Sterling fell against the dollar on Monday after a Bank of England policymaker indicated that interest rates may not have to be raised by as much or as quickly to cool inflationary pressures as many expect.
Writing in the Daily Mail, BoE Monetary Policy Committee member Andrew Sentance said current headline inflation is "temporary" and that a weak economy and housing market should help offset rising prices over the next year. Sentance echoed comments from British Finance Minister Alistair Darling over the weekend that pay awards had to be kept in check to ensure they did not add to inflationary pressure in the UK economy.
Also weighing on sterling sentiment after last week's surprisingly strong retail numbers, property website Rightmove said average asking prices fell 1.2 percent this month after a 1.2 percent gain in May. "The big debate in the UK is the battle between prices and growth," said Chris Turner, head currency strategist at ING.
He argued however that while economic data painted a dismal picture for the UK, sterling's yield at 5 percent was a factor helping to stave off deeper declines in the currency. By 1348 GMT, the pound was 0.7 percent lower against a broadly firmer dollar at $1.9605, on course for its biggest daily percentage fall in 2 weeks.

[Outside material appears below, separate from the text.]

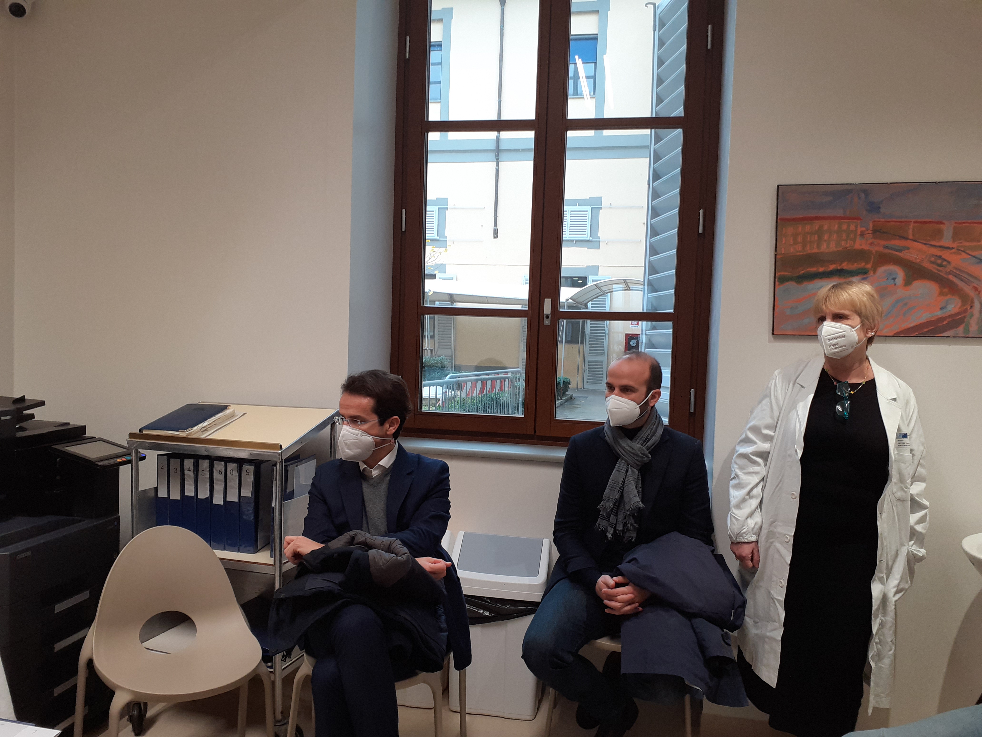 Con il presidente Sostegni, la delegazione della commissione con il vicepresidente Andrea Ulmi (Lega) e i consiglieri regionali del Partito democratico Federica Fratoni, Vincenzo Ceccarelli e Andrea Vannucci. I reparti visitati sono stati: medicina C, rianimazione, sale operatorie, servizio psichiatrico di diagnosi e cura, radiologia e pronto soccorso. Alla giornata di incontri e confronto hanno partecipato Elisabetta Cocchi direttrice dell’ospedale Santa Maria Nuova; Gianluca Galeotti, direttore infermieristico di Santa Maria Nuova e Tommaso Grassi della Direzione sanitaria aziendale.

The euro was flat on the day at 79.05 pence, recovering from a slide to a near two-week low last week. Last week, official data showed inflation reached its highest level in Britain in 11 years. The Bank of England has said inflation may rise above 4 percent this year, but policymakers have to balance that with a risk that sharply slowing economic growth will push it below the 2 percent target in two years' time.